Espérame al crepúsculo tardío cuando la sombra escale los balcones, cuando se desvanezca el griterío, adelgace sus trenzas el gentío y se pueblen de amantes los rincones.
Luego la noche de onduladas manos desenmarañará los galanteos sobre la piel de nuestros dos pianos en sonata de acordes cortesanos, en guitarras de eróticos rasgueos.
A veces todavía conversamos. Ya no estás, y no hay voz, pero resurgen las palabras de antaño, sigilosas, desde sus diminutos ataúdes, embozadas en capas de silencio, mas con hambre de luces. Las reconozco a todas, como reconocía tu perfume antes de que llamaras a la puerta. Ciertas cosas se captan, o se intuyen. Las veo, y casi, casi las escucho; cada significado se trasluce como asomándose a elocuente espejo; son ellas, sin ser ellas, mas irrumpen desde su fondo de cristal, instándome a nuevo diálogo de azul y nubes. Mas, náufrago de alturas, reconozco mis límites.

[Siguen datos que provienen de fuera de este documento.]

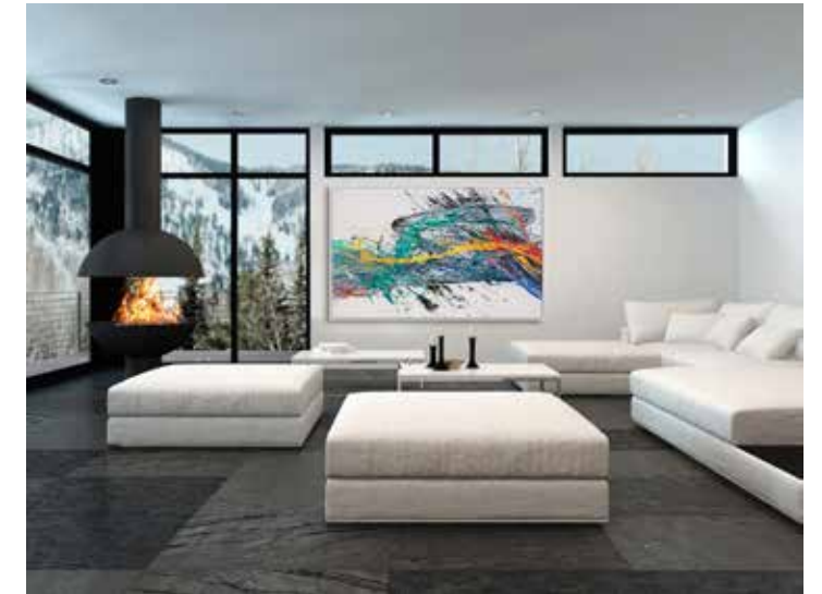
Above: Installation of Painting from the "Splash of Colour 2" Series, #177

Like many of us, he eventually reached a fork in the road: go left or right? To choose from the security of remaining a carpenter to the unknown of facing the blank canvas as an artist. It takes courage to choose the right path. And through the brushstrokes of faith and fate, I'm glad that he made the right choice.

Me afluyen situaciones de antaño, cuyo estremecimiento me consume, y quisiera calcarlas, mas no se reconstruye lo que, desmoronado, es bella ruina. Se la contempla en su esplendor ilustre de columnas truncadas, de frisos mutilados, de techumbre reposando a la par de los cimientos, mas no se restituye a un nuevo simulacro, ni a su gloria de ayer, porque es ilustre ahora en sus nuevos términos, y no requiere ajuste. Estos vestigios nuestros del pasado viven, y constituyen historia que, aunque en quiebra, de su belleza clásica se nutre. Y a ellos acudo en horas soledosas, y escucho su silencio, que descubre antiguos episodios, rasgos semiolvidados, certidumbres que juzgué haber perdido, y ciertas dudas nunca tenidas, que ahora me confunden.